Me acomodé a las expectativas. Mi cariño es siniestro e innecesario. Soy el espejo volátil que nunca mira, el acusado de matar el tiempo con un reloj. No vuelvo de la experiencia ennegrecido. Donde las pérdidas se recuperan y los sueños recaen. Mi envoltura será el absoluto, un caramelo pegado por el sol a punto de ser digerido por la gran mancha de Júpiter. Mi punto será demostrado, o quedaré como mentiroso. Amor o muerte. Que sean las dos.

jueves, 3 de agosto de 2017

Día 1164: Sustantivo

Fue una noche en la que dejé de llamarme Carlos. Querré ponerme un buen nombre, Juana, tal vez. Viviré como cangrejo, tal vez me convierta en un octópodo de furia asesina. Las posibilidades son múltiples. Valdría mi glorioso tiempo un centavo. Porque así como mutante soy eterno. Una suerte de maestro del disfraz, aprendiz de brujo, ninja experto, elegido para todas las batallas, gordo y sucio, ladrón de videojuegos.
Perdí el brillo con el nombre. Carlos sonaba lindo. Genérico, pero lindo. Podría haber escrito una novela. Se imaginan. Un título rojo: Novela X, por Carlos H. Nadie me va a querer como Juana. Voy a terminar tan solo como la criatura de Frankenstein. Al menos me queda la diversión de haber experimentado algo diferente. Un cambio de polaridad.
Desprendan sus conclusiones. Es tarde. Para mí. Para todo. El fin del mundo está a la vuelta de la esquina. En un suicidio. O tal vez en el fondo de una botella. Curioso. El fin suele ser curioso. Para mí. Para todo. No dejen sus sueños atrás. O adelante. Qué se yo.

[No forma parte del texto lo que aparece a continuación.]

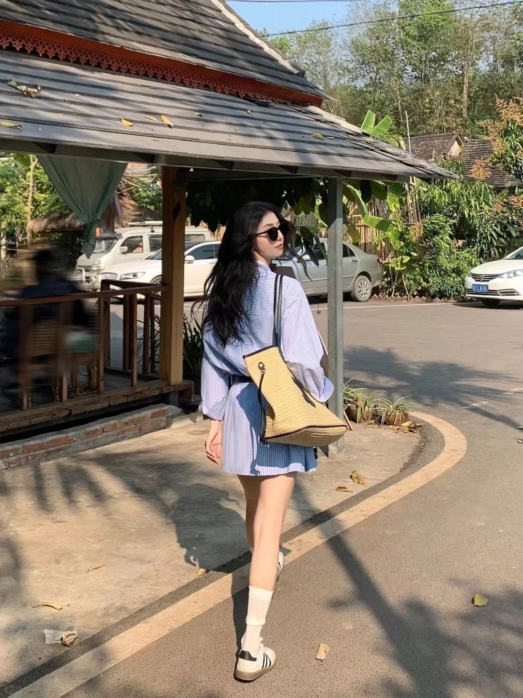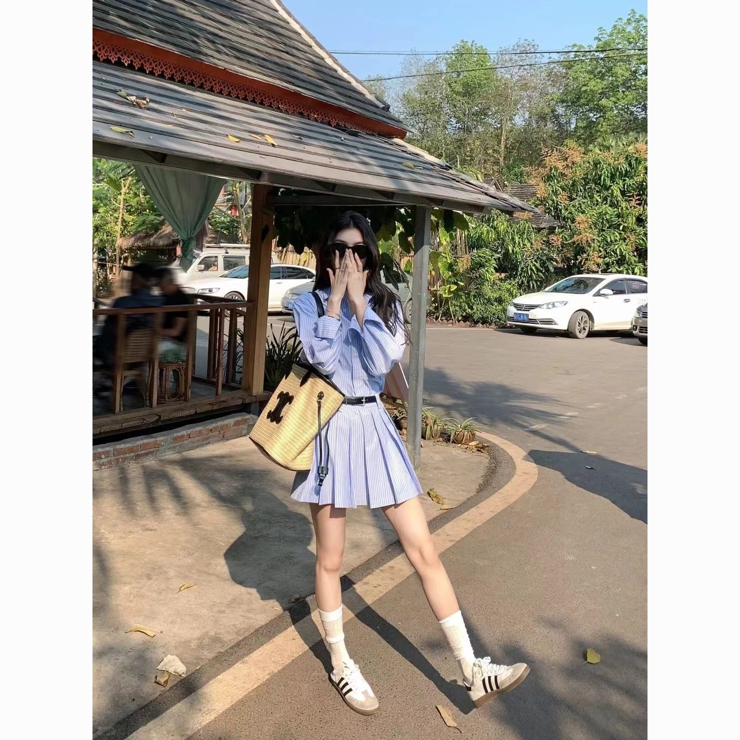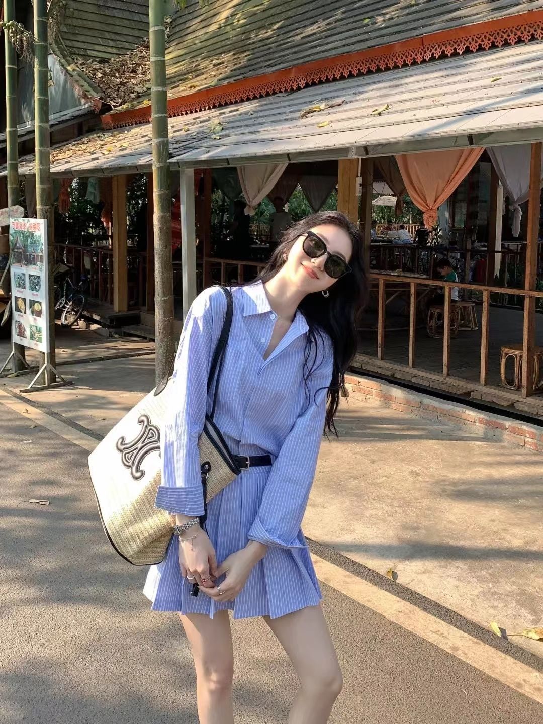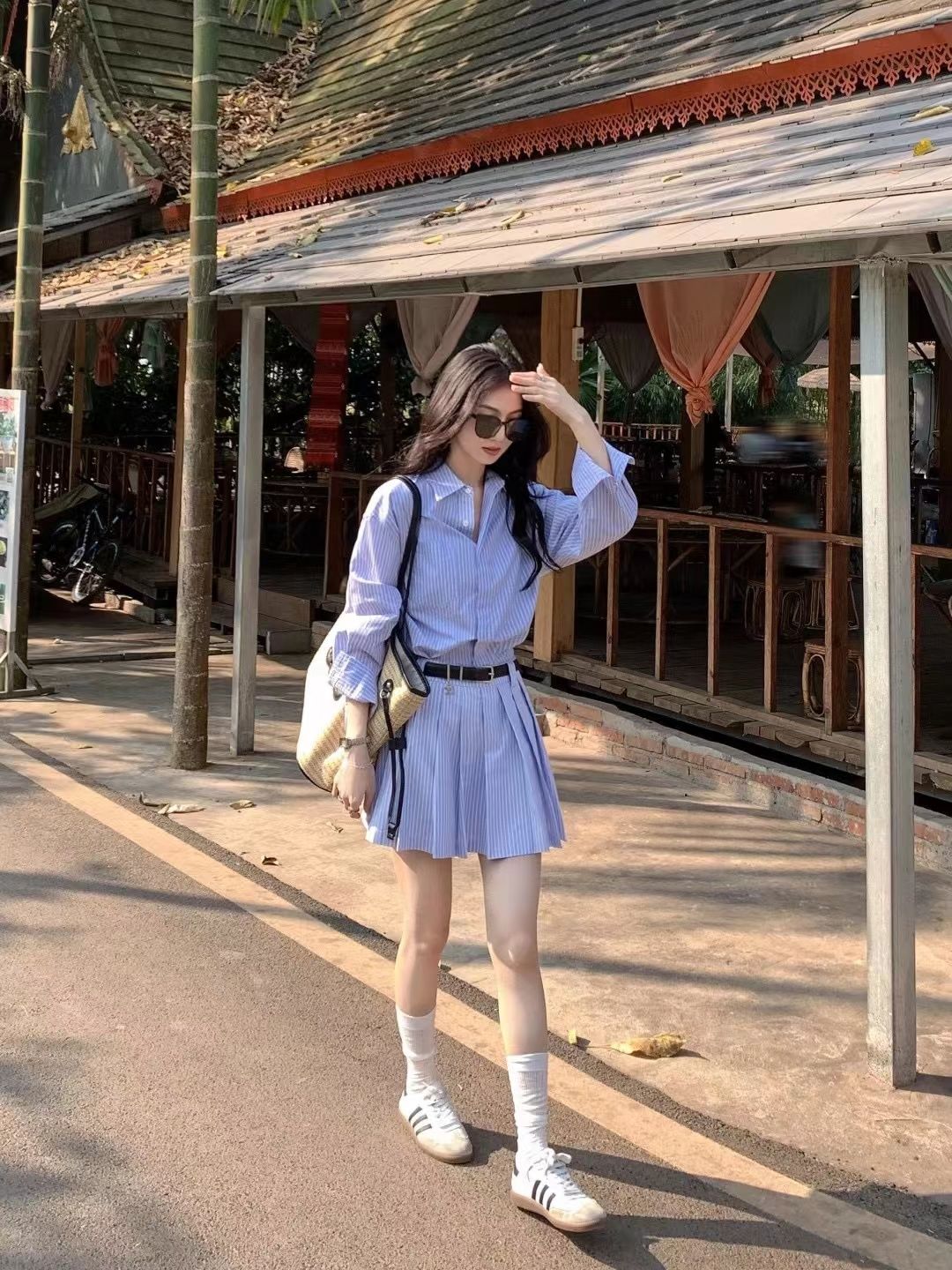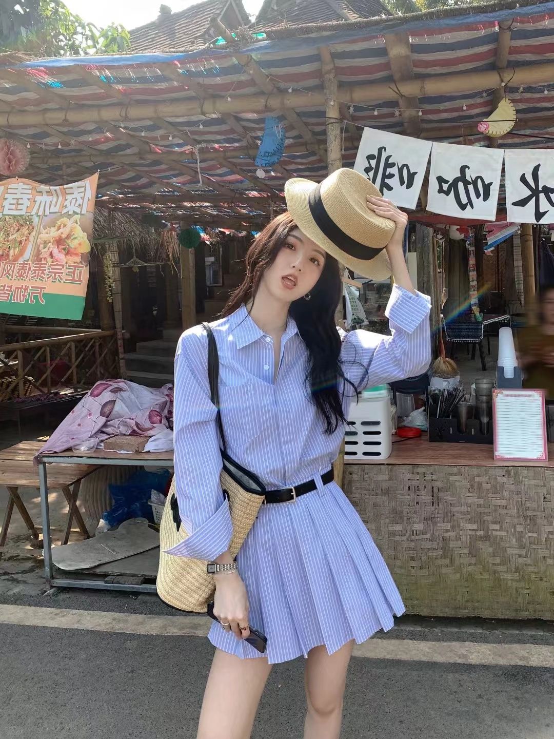 涼しく楽ちんセットアップ 2024春夏の新作高級長袖エアリーシャツ+スカートストライプスーツ レディース 韓国ファッション セットアップ
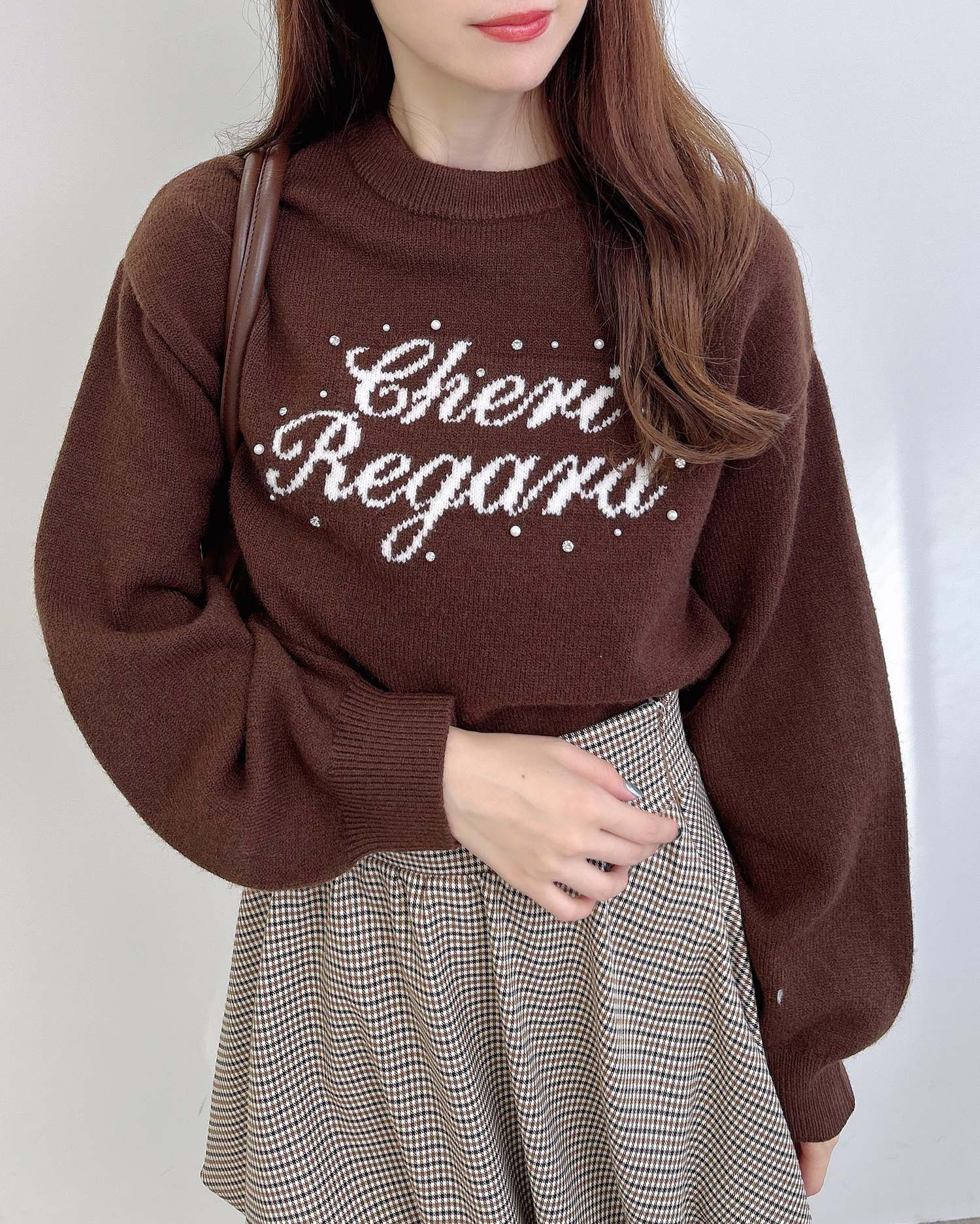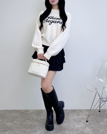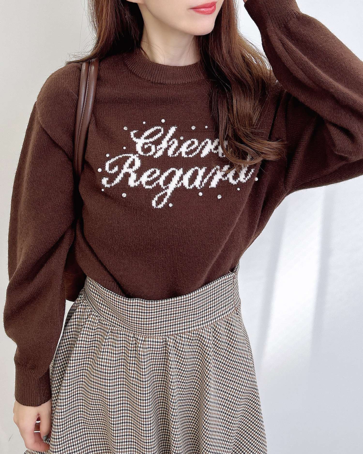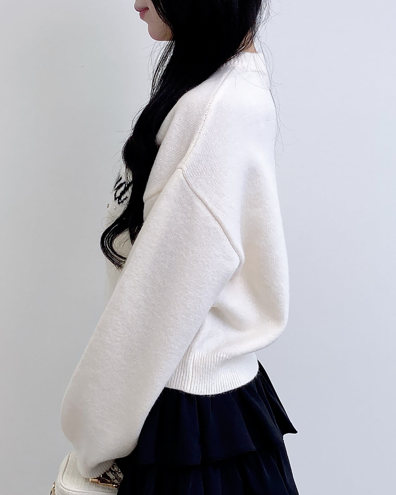 クルーネックなのでシャツやブラウスを合わせたレイヤードスタイルも◎
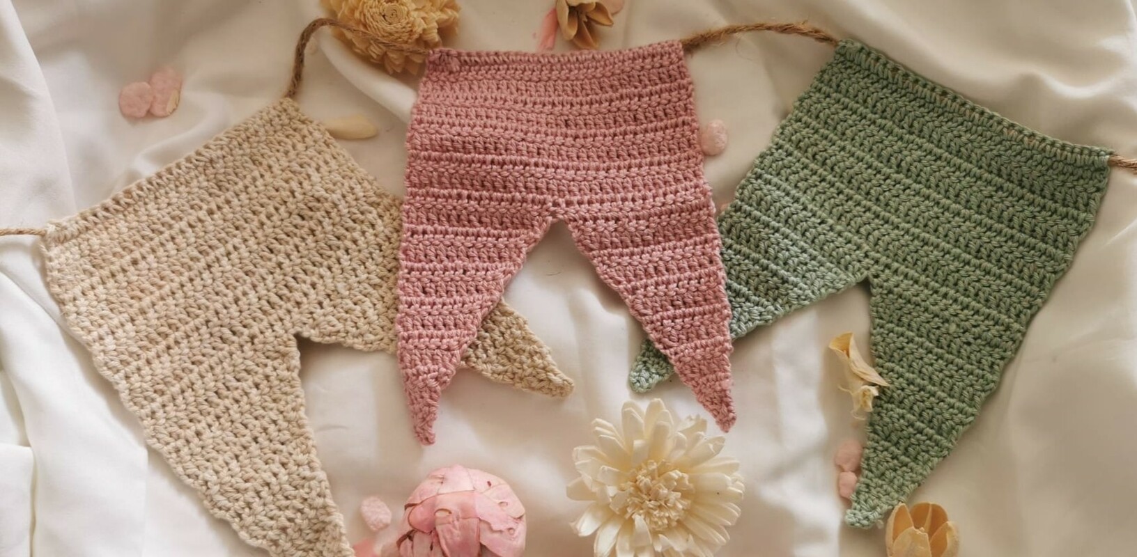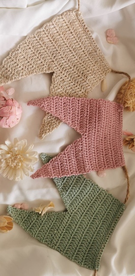 Die länge der Wimpelkette variiert je nach dem wieviele Wimpel du häkelst.
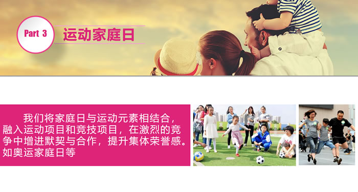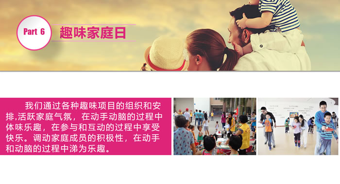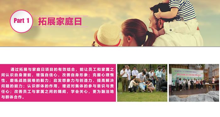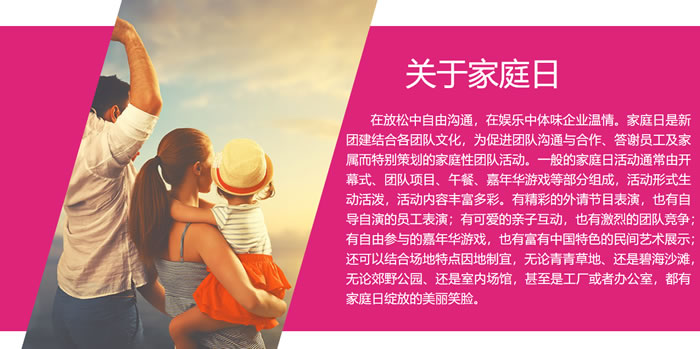 依家庭日是企業(yè)員工攜家屬共同參與的歡樂盛會,在輕松愉快的環(huán)境中,使員工和家屬充分體驗企業(yè)文化,增進員工之間的交流互動,和對企業(yè)的歸屬感和凝聚力。 豐富精彩的家庭日活動,將企業(yè)文化與家庭文化融合,激發(fā)員工及其家屬的自豪感,幫助員工贏得親人的鼓勵與支持,為企業(yè)創(chuàng)造更健康快樂的工作氛圍。
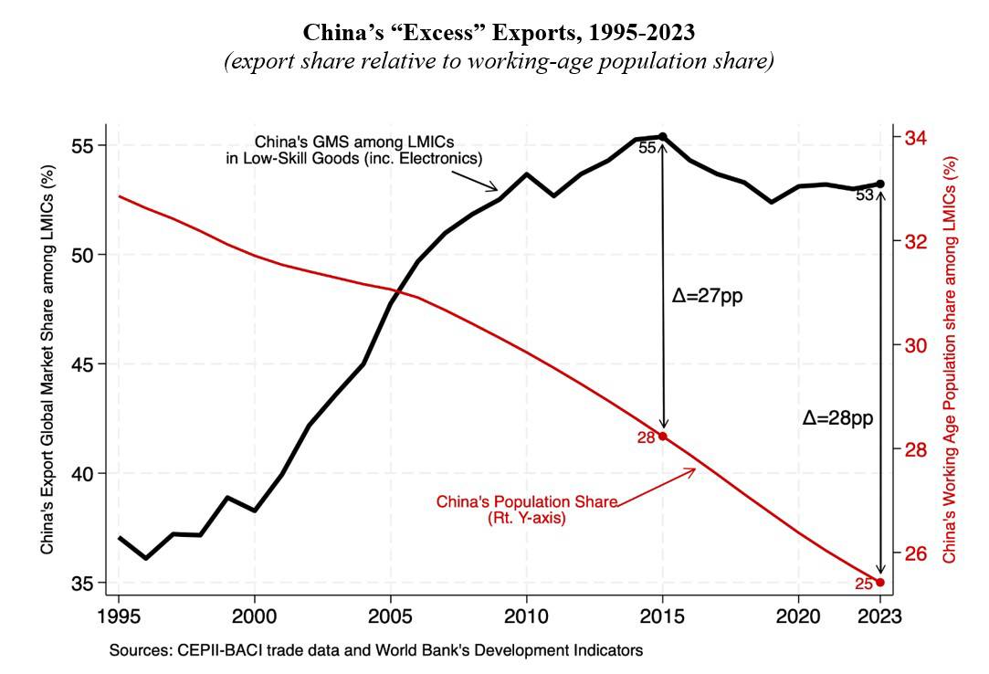 What makes this persistence even more striking is that China’s manufacturing wages are now far higher than those in LMICs – and still increasing. For example, in apparel, the canonical labour-intensive sector, the annual wage in China averages around US$10,000, which is roughly five times higher than in Bangladesh and four times higher than in India.
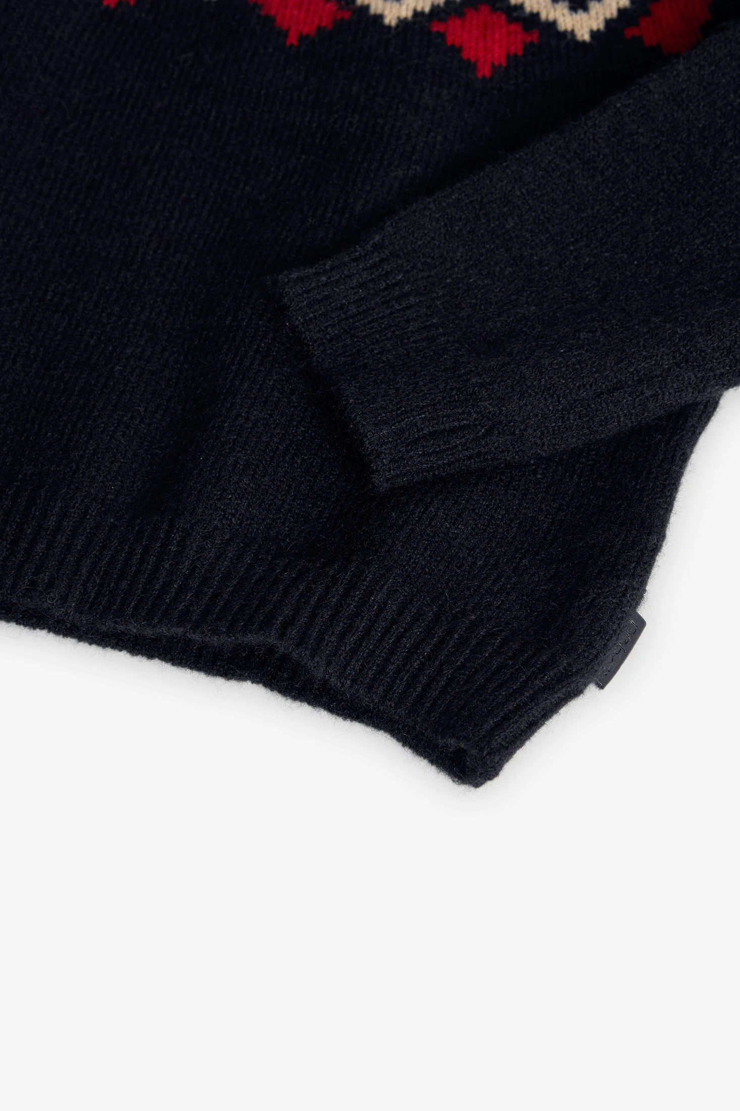 Knitted jumper for boys in black with geometric print, ideal for the autumn and winter seasons. A pattern of geometric shapes in red, white and cream tones stands out against the dark background. Crafted from a soft and warm fabric, it ensures maximum comfort on cold days. Its design features a round neck and long sleeves and is available in sizes ranging from 2 to 14 years. Perfect for pairing with casual trousers or jeans, incorporating a modern and stylish touch into the children's wardrobe.
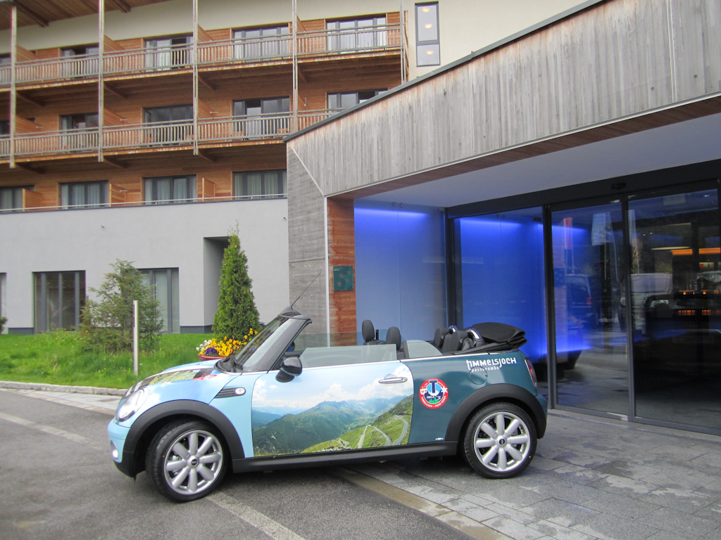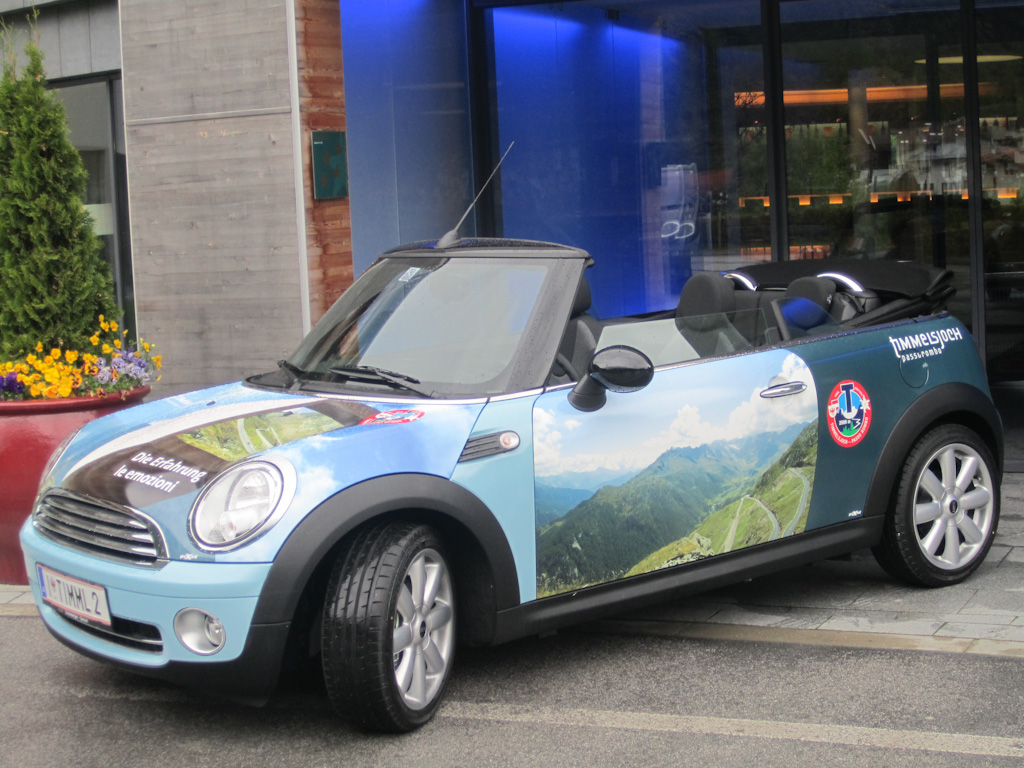Ebenfalls kostenlos habt ihr die Möglichkeit euch einen Mini-Cooper Cabrio für die Fahrt über das Timmelsjoch auszuborgen. Es ist nur das verbrauchte Benzin nachzutanken.
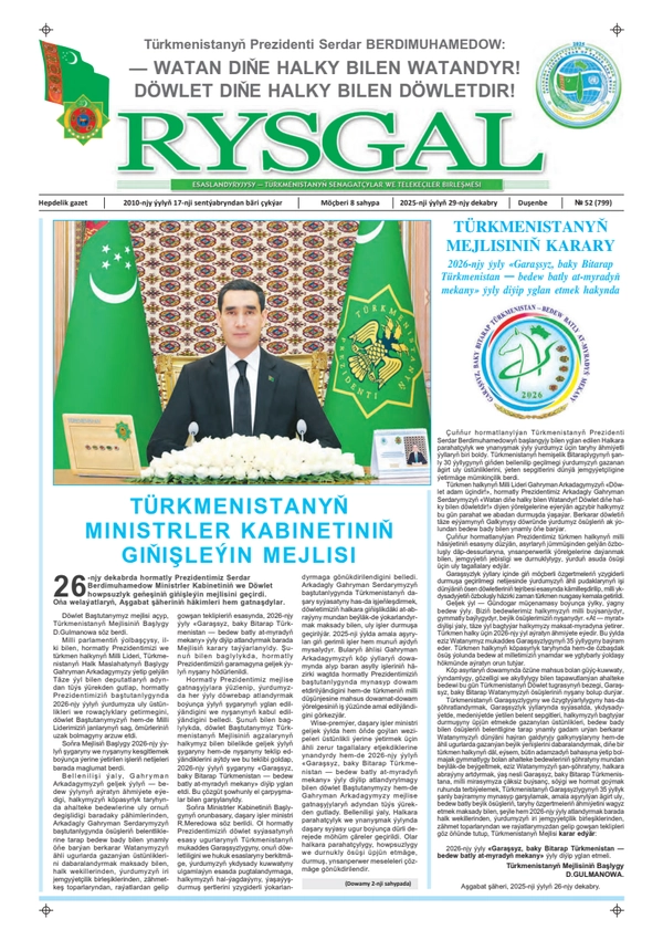 2026-njy ýyl - «Garaşsyz, baky Bitarap Türkmenistan — bedew batly at-myradyň mekany» ýyly

miércoles, 2 de agosto de 2017

Día 1163: Desproporciones

Mi libre albedrío tiene las horas contadas. Voy a casarme con un orangután para tener pequeños gorilas que me saquen toda la guita de la yugular. Quiero deberle la vida a mi trabajo, a los vecinos y a la prostituta de mi ex que me exprime los huevos con una multiprocesadora. Con el parche roto y la guitarra destemplada puedo ser el hombre orquesta si me lo propongo.
Van a hipotecar las cenizas de mi casa mientras me ponen la corona de clavos oxidados sobre la cabeza. Sonará por siempre el coro de demonios desafinados en mis oídos mientras un gato araña el pizarrón. Después va a llover mierda del cielo por veinte siglos a partir de ayer.
En ese futuro seré abrazado por un puerco espín, flagelado por un vendedor de seguros y escupido por una abuela. Mi madre va a morir de un infarto y mi hija va a quedar embarazada de un cantante de una banda de punk con cinco seguidores en Instagram. Voy a perder todas las reservas del banco, un pésimo amante, un padre ausente. Seré todo lo necesario para cagarla. Allá va mi libre albedrío.

martes, 1 de agosto de 2017

Día 1162: Proporciones

Estoy camino al estereotipo. No van a decir que fue un logro. No quieren empañar la mentira con la verdad. Volveré al camino con el estómago resentido de tanto comer cable. Morir no es vida. Ya lo dije. El temor es un camino de ida, pero bien pavimentado. Nada se traduce con palabras.
Abriré la puerta indicada antes que la obsesión me gane. Cada portal es luz y noche. Negro y agua. Sucio, insuficiente. Nuestro catálogo de sensaciones no nos preparó para el final.
Allá el charco de sangre. La masacre. La carne sin espíritu busca un orificio, una caja, una palabra de recuerdo. Atroz se retuerce la lombriz antes de ser carnada. Será el anzuelo, el pescado, el veneno, la sobrevida. Y guerra en el interior de los mundos. Un abridor para las necesidades de los demandados. Tengan esperanza, aunque no sea suficiente.